2. **VAD-based simulated streaming (`--vad`)** — Silero VAD segments speech
   into natural utterances; each utterance is transcribed offline with the
   full encoder context. Eliminates boundary artefacts entirely. While speech
   is active, partial (interim) results are still emitted via the overlap-buffer
   so clients see live transcription progress. Suitable for high-accuracy
   use cases where latency tolerance is higher.

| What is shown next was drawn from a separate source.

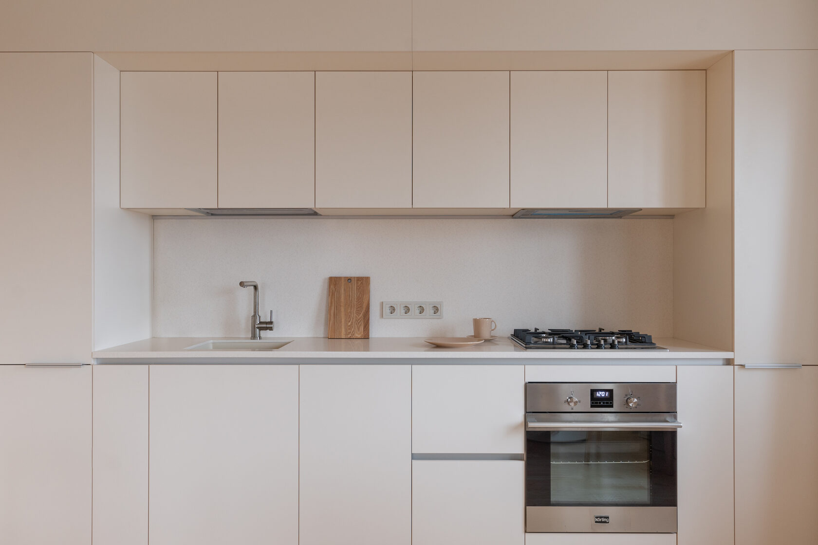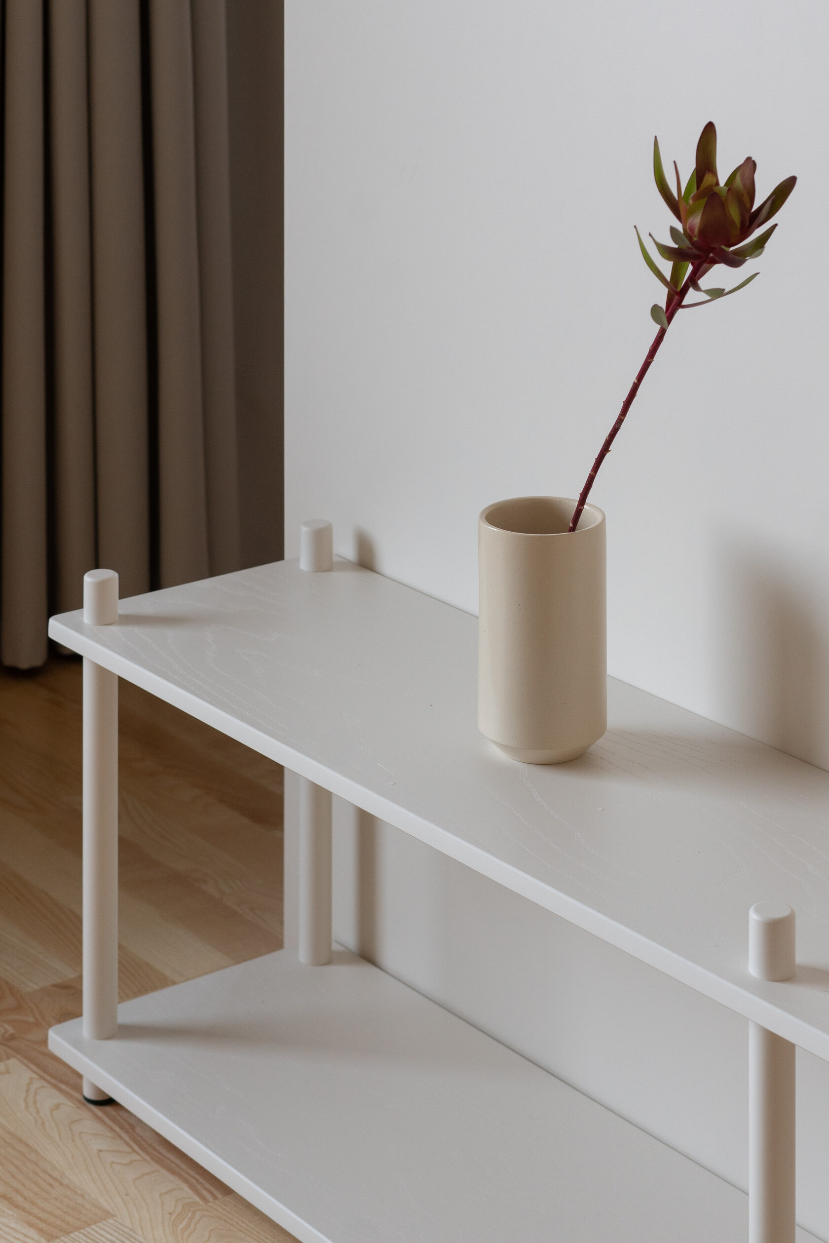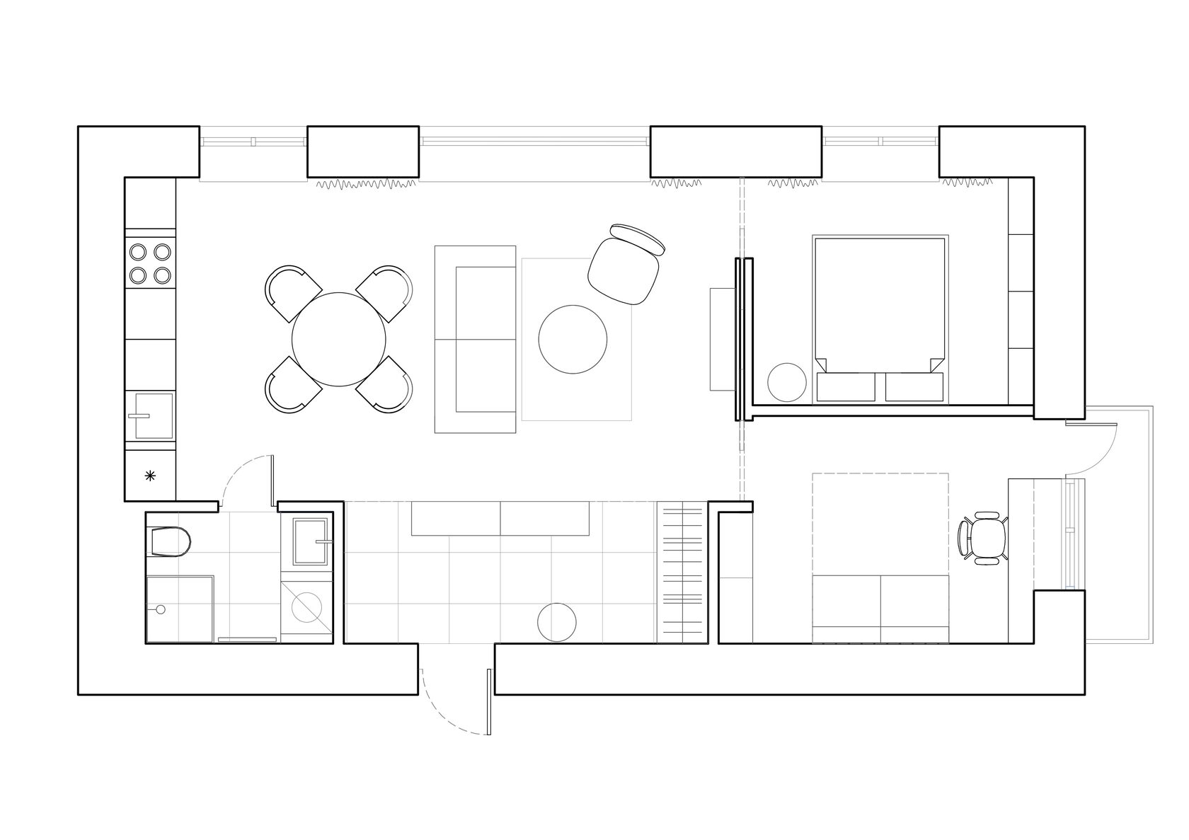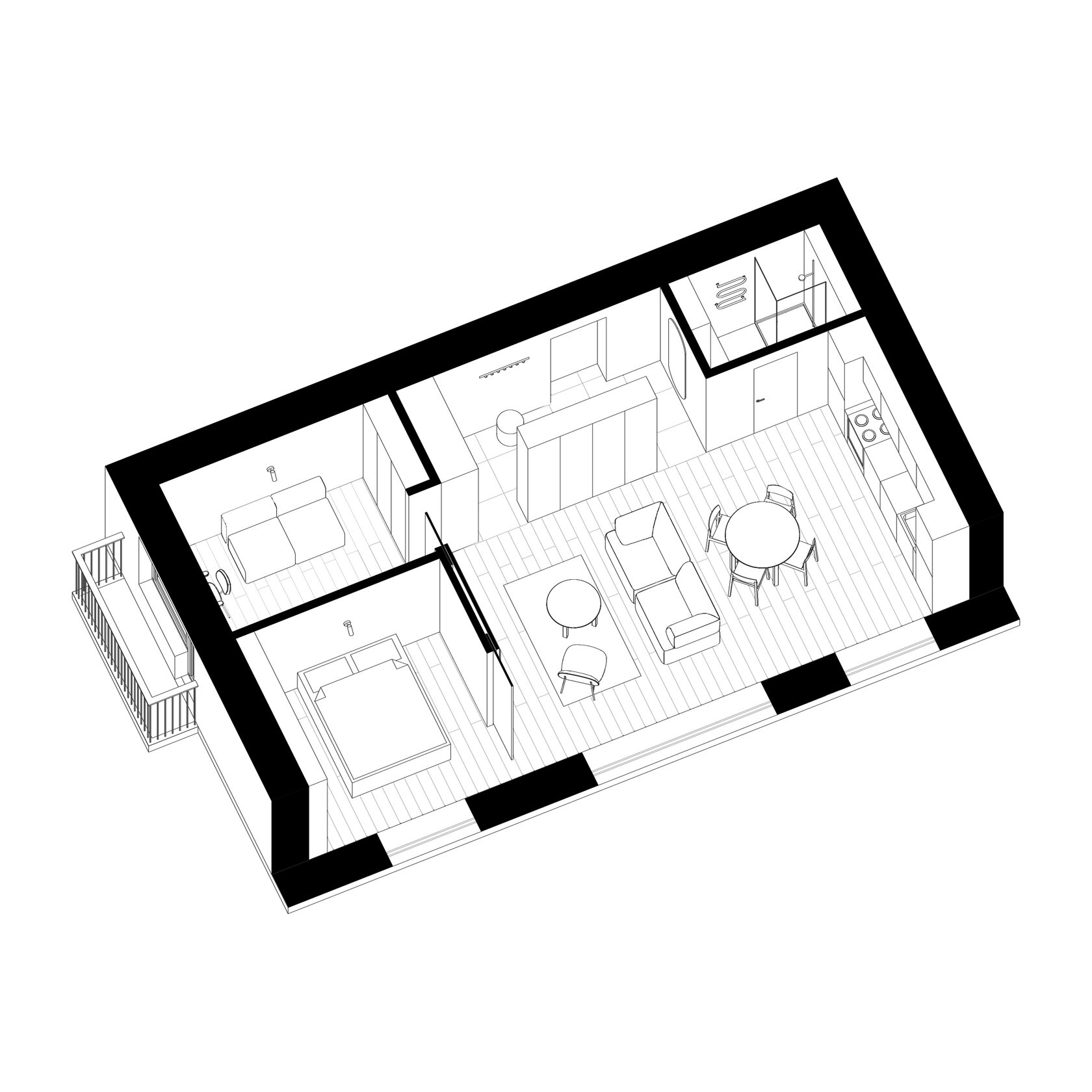 An example of how a small apartment in a typical Soviet nine-story building can be redesigned and furnished with furniture and household items from the brand. The main material used in the decoration and furniture is ash wood. In the center of the living room, there is a large window overlooking the lake.

### Tunable overlap-buffer parameters
- `--streaming-window-ms` (default 4000) — mel frames per encoder window.
- `--streaming-overlap-ms` (default 1000) — overlap between consecutive windows.
- `--streaming-fuzzy-threshold` (default 1.0) — normalized Levenshtein similarity
  for boundary word deduplication. Lower values reduce duplicate words on
  boundaries at the cost of potentially missing legitimate repetitions.

### Graceful shutdown
- `CancellationToken` + `TaskTracker` cascades through every WS / SSE handler.
- On SIGTERM each session flushes, emits a final frame, and closes with
  `Close(1001 Going Away)`.
- `--shutdown-drain-secs` (default 10) bounds the wait after `axum::serve`
  returns. `--max-session-secs` (default 3600) caps any single WS session.

## Development guidelines

### TDD workflow
1. Write failing test first
2. Implement minimal code to pass
3. Refactor, verify tests still pass
4. `cargo test && cargo clippy` before every commit

### API versioning & backward compatibility
- WebSocket protocol version: `PROTOCOL_VERSION = "1.0"` (in `protocol/mod.rs`)
- `ServerMessage::Ready` includes `version` field sent on connection
- Canonical WS path: `/v1/ws`. `/ws` remains as a deprecated alias.
- New fields are additive only; never remove or rename existing fields.

### Code style
- Rust 2024 edition
- `anyhow` for error handling, `tracing` for logging
- No `unwrap()` in production paths (use `?`, `context()`, or `unwrap_or_else`)
- Shared inference constants live in `inference/mod.rs`

### Audio format support
- File transcription: WAV, M4A/AAC, MP3, OGG/Vorbis, FLAC (via symphonia)
- WebSocket: raw PCM16 binary frames at configurable sample rate; resampled
  to 16 kHz server-side via rubato

### Security
- **Loopback bind by default.** `127.0.0.1` only; `--bind-all` /
  `PHOSTT_ALLOW_BIND_ANY=1` required for non-loopback.
- **Origin allowlist.** Cross-origin denied by default; `--allow-origin`
  to extend, `--cors-allow-any` for wildcard.
- **Runtime limits**: `--idle-timeout-secs` (300), `--ws-frame-max-bytes`
  (512 KiB), `--body-limit-bytes` (50 MiB), `--pool-size` (4),
  `--max-session-secs` (3600), `--shutdown-drain-secs` (10).
- **Per-IP rate limiting** (opt-in): `--rate-limit-per-minute N` +
  `--rate-limit-burst`.
- **SHA-256 verification + atomic rename** on every model file.
- **Internal errors sanitized** — no path or model leakage to clients.
- **Prometheus `/metrics`** (opt-in via `--metrics`).